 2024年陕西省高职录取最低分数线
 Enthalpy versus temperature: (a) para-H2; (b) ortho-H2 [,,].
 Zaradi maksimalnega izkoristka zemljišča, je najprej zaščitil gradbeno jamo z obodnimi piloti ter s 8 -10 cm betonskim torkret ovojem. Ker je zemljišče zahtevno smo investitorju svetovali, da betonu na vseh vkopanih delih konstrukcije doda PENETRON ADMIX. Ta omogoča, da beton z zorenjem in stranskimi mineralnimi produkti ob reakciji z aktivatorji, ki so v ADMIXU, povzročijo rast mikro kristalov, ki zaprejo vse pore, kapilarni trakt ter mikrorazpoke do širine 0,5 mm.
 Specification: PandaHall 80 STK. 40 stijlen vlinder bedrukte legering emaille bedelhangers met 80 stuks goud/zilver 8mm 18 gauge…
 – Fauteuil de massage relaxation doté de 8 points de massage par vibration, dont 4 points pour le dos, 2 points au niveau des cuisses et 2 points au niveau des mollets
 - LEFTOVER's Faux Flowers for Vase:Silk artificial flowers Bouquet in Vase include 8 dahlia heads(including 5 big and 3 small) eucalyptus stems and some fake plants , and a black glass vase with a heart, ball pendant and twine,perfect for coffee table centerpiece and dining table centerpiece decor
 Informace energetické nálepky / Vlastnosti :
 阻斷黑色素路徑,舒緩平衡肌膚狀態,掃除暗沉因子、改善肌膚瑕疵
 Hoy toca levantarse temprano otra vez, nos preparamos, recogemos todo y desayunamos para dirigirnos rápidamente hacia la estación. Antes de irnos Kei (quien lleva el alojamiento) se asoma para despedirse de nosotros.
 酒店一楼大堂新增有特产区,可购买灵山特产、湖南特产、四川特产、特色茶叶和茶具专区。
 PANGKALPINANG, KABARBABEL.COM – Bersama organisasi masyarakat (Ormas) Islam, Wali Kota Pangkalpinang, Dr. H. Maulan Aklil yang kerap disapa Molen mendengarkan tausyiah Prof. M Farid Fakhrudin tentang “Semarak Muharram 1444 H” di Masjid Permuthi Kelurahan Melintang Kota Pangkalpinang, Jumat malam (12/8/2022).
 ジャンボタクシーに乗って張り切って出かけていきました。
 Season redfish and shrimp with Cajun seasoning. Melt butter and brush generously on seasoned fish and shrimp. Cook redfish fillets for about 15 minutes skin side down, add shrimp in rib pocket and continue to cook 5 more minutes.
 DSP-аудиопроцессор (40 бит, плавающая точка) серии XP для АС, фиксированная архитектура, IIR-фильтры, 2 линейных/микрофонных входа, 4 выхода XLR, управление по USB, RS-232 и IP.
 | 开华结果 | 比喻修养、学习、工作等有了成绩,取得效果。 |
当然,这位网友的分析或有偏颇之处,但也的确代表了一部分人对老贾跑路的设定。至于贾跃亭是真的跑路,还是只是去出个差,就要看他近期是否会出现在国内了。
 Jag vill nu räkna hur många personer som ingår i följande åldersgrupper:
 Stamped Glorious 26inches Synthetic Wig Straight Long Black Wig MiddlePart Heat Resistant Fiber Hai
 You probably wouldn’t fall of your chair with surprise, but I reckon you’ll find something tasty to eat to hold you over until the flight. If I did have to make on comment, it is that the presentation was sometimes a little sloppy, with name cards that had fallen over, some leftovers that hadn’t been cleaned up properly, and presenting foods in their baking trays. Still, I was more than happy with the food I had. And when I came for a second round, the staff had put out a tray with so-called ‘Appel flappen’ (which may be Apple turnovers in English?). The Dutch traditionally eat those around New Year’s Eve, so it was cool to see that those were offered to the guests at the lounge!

........

The records shown above are to be retyped exactly, with none omitted.

[Reply]
 2024年陕西省高职录取最低分数线
 Enthalpy versus temperature: (a) para-H2; (b) ortho-H2 [,,].
 Zaradi maksimalnega izkoristka zemljišča, je najprej zaščitil gradbeno jamo z obodnimi piloti ter s 8 -10 cm betonskim torkret ovojem. Ker je zemljišče zahtevno smo investitorju svetovali, da betonu na vseh vkopanih delih konstrukcije doda PENETRON ADMIX. Ta omogoča, da beton z zorenjem in stranskimi mineralnimi produkti ob reakciji z aktivatorji, ki so v ADMIXU, povzročijo rast mikro kristalov, ki zaprejo vse pore, kapilarni trakt ter mikrorazpoke do širine 0,5 mm.
 Specification: PandaHall 80 STK. 40 stijlen vlinder bedrukte legering emaille bedelhangers met 80 stuks goud/zilver 8mm 18 gauge…
 – Fauteuil de massage relaxation doté de 8 points de massage par vibration, dont 4 points pour le dos, 2 points au niveau des cuisses et 2 points au niveau des mollets
 - LEFTOVER's Faux Flowers for Vase:Silk artificial flowers Bouquet in Vase include 8 dahlia heads(including 5 big and 3 small) eucalyptus stems and some fake plants , and a black glass vase with a heart, ball pendant and twine,perfect for coffee table centerpiece and dining table centerpiece decor
 Informace energetické nálepky / Vlastnosti :
 阻斷黑色素路徑,舒緩平衡肌膚狀態,掃除暗沉因子、改善肌膚瑕疵
 Hoy toca levantarse temprano otra vez, nos preparamos, recogemos todo y desayunamos para dirigirnos rápidamente hacia la estación. Antes de irnos Kei (quien lleva el alojamiento) se asoma para despedirse de nosotros.
 酒店一楼大堂新增有特产区,可购买灵山特产、湖南特产、四川特产、特色茶叶和茶具专区。
 PANGKALPINANG, KABARBABEL.COM – Bersama organisasi masyarakat (Ormas) Islam, Wali Kota Pangkalpinang, Dr. H. Maulan Aklil yang kerap disapa Molen mendengarkan tausyiah Prof. M Farid Fakhrudin tentang “Semarak Muharram 1444 H” di Masjid Permuthi Kelurahan Melintang Kota Pangkalpinang, Jumat malam (12/8/2022).
 ジャンボタクシーに乗って張り切って出かけていきました。
 Season redfish and shrimp with Cajun seasoning. Melt butter and brush generously on seasoned fish and shrimp. Cook redfish fillets for about 15 minutes skin side down, add shrimp in rib pocket and continue to cook 5 more minutes.
 DSP-аудиопроцессор (40 бит, плавающая точка) серии XP для АС, фиксированная архитектура, IIR-фильтры, 2 линейных/микрофонных входа, 4 выхода XLR, управление по USB, RS-232 и IP.
 | 开华结果 | 比喻修养、学习、工作等有了成绩,取得效果。 |
当然,这位网友的分析或有偏颇之处,但也的确代表了一部分人对老贾跑路的设定。至于贾跃亭是真的跑路,还是只是去出个差,就要看他近期是否会出现在国内了。
 Jag vill nu räkna hur många personer som ingår i följande åldersgrupper:
 Stamped Glorious 26inches Synthetic Wig Straight Long Black Wig MiddlePart Heat Resistant Fiber Hai
 You probably wouldn’t fall of your chair with surprise, but I reckon you’ll find something tasty to eat to hold you over until the flight. If I did have to make on comment, it is that the presentation was sometimes a little sloppy, with name cards that had fallen over, some leftovers that hadn’t been cleaned up properly, and presenting foods in their baking trays. Still, I was more than happy with the food I had. And when I came for a second round, the staff had put out a tray with so-called ‘Appel flappen’ (which may be Apple turnovers in English?). The Dutch traditionally eat those around New Year’s Eve, so it was cool to see that those were offered to the guests at the lounge!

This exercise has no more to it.